Lil Nas X featuring Billy Ray Cyrus scored best pop duo for Old Town Road. Lizzo won best pop solo performance for Truth Hurts. Here is our list of winners.
Today in Focus podcast: Life after Auschwitz
Ivor Perl and Susan Pollack were 12 and 13 when they were transported to Auschwitz. On the 75th anniversary of the concentration camp’s liberation, they tell their stories. Separately on the Guardian today, Kate Connolly reports on the more than 200 survivors gathering at the former Nazi extermination camp for a sombre commemoration.
Lunchtime read: Britain on the exit ramp
When the clock strikes midnight in Brussels on Friday, Britain’s 47 years in the EU will be over. But what actually changes on Friday? Life will carry on as normal for individuals with one key change – UK citizens, from 11pm, will no longer be EU citizens. British passport holders will continue to be able to travel and work in the EU because the country remains in the single market for the transition period up to 31 December and the freedom of movement of goods, people, services and capital over borders applies until then.
The main change is legal and institutional. Friday is the point of no return to the EU. The UK will continue to follow EU rules but have no say in making them, and British ministers right up to Boris Johnson will cease to take part in the EU law-making process. The UK’s 73 MEPs will be sent home with one of the parliament’s union jacks dispatched to the EU-funded House of History. The UK had “the best possible world”, concluded one veteran French diplomat. Now that world will disappear.

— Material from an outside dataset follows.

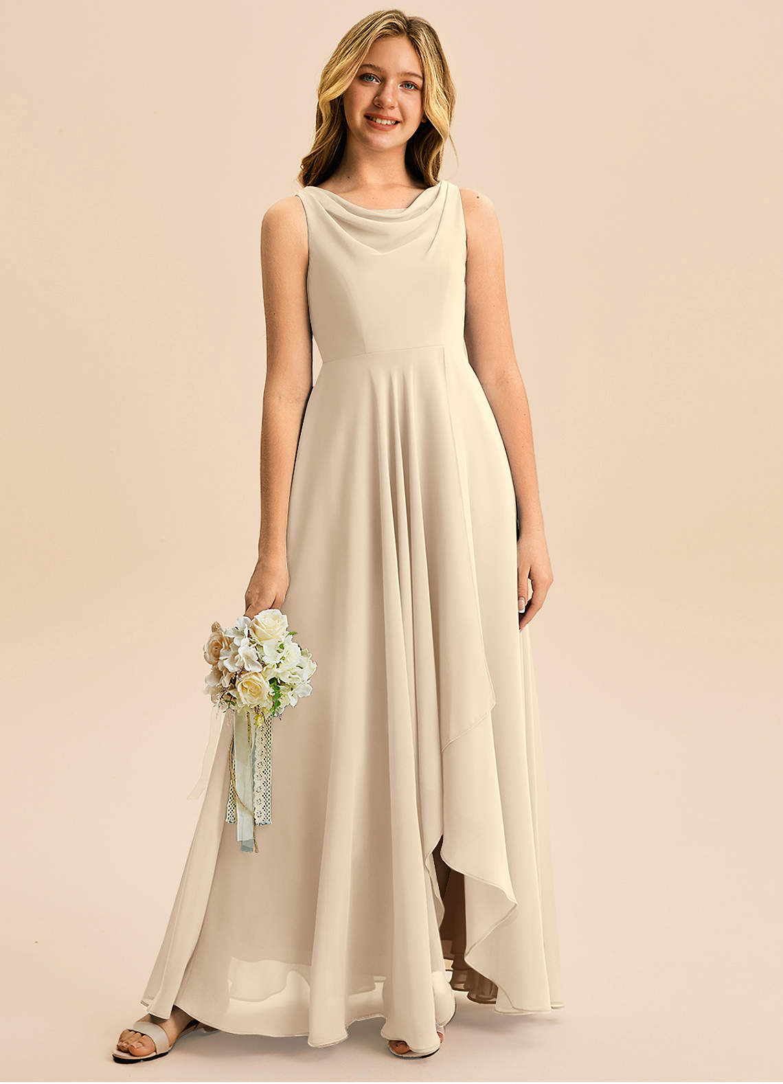 Linia A Pofałdowany Szyfon Asymetryczny Młodsza druhna Sukienka

Jürgen Klopp did not seek to make excuses after his side were held in the FA Cup by League One Shrewsbury, though he did indicate that the date of the replay will be a problem for Liverpool, as senior players have been given time off for a winter break. Ole Gunnar Solskjær sarcastically thanked the Tranmere goalkeeper, Scott Davies, for firing up his Manchester United players ahead of their emphatic 6-0 FA Cup fourth-round victory at Prenton Park.
Chris Woakes’s improvement has gone under the radar but recent performances suggest his struggles overseas are behind him, after England set South Africa 466 to win the fourth Test over the final two days at the Wanderers. Doubts are growing over whether the World Indoor Athletics championships will be staged in Nanjing in March after China’s leader, Xi Jinping, warned of the “accelerating spread” of the coronavirus in the country. And the Women’s Six Nations begins with one big question lingering over it: can anyone lay a glove on England?

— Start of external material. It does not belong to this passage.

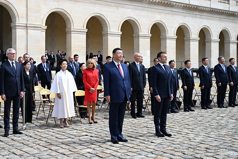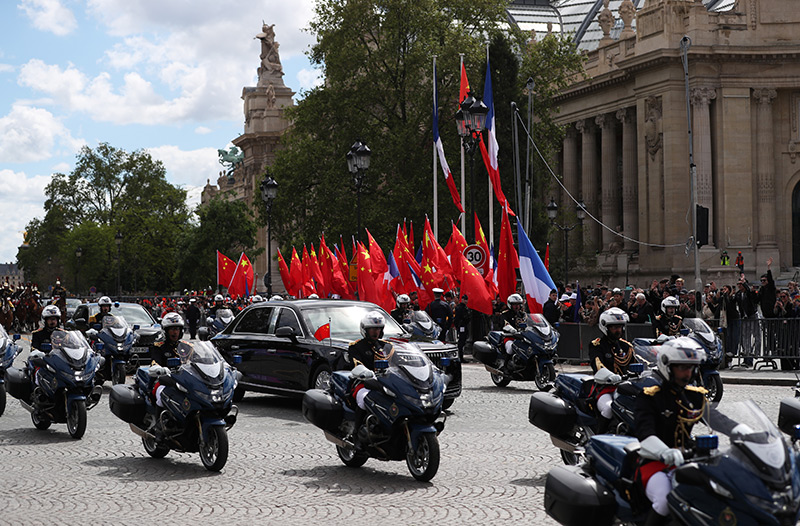 五月的巴黎,风和景明。塞纳河畔,荣军院金色穹顶熠熠生辉,五星红旗和蓝白红三色旗迎风飘扬。

Stocks have tumbled with investors anxious about the economic impact of the coronavirus outbreak in China. The Nikkei average suffered a steep 1.8% loss while US S&P 500 mini futures fell 1.3% in early Asian trade. MSCI’s broadest index of Asia-Pacific shares outside Japan was off 0.2%, although trade in the region had already slowed for the Lunar New Year and other holidays, with financial markets in China, Hong Kong and Australia closed on Monday. The pound is worth $1.306 and €1.184 this morning while the FTSE is trending down by 1.25% ahead of the open.
A number of papers pay tribute to Kobe Bryant on their front pages – “Sport legend Kobe killed in copter crash” says the Mirror. The Metro’s lead is “Trapped in virus city”, about Britons who are trying to get out of Wuhan in China. In a similar vein in the i: “Stranded Brits beg to be rescued from virus crisis city”. “Experts fear 100,000 may have new virus worldwide,” says the Guardian.
The Telegraph has a last-minute intervention by the Trump administration arguing that “Huawei is threat to UK sovereignty” – here is how the Guardian is covering it. The FT’s version – “UK set to give Huawei the go-ahead for 5G network” – also mentions pressure from the White House.
The Express has “Dementia patients let down by failing care”, about the one in five homes that are said to be “leaving sufferers at risk”. “Britain open to world’s best talent, says Johnson” – that’s the Times on a new visa scheme the government is keen to talk up given what is about to happen. The Mail lauds “20,000 spring clean heroes” who have joined its anti-litter drive. The Sun paraphrases the Duchess of Sussex’s estranged father this morning: “See you in court Meg”.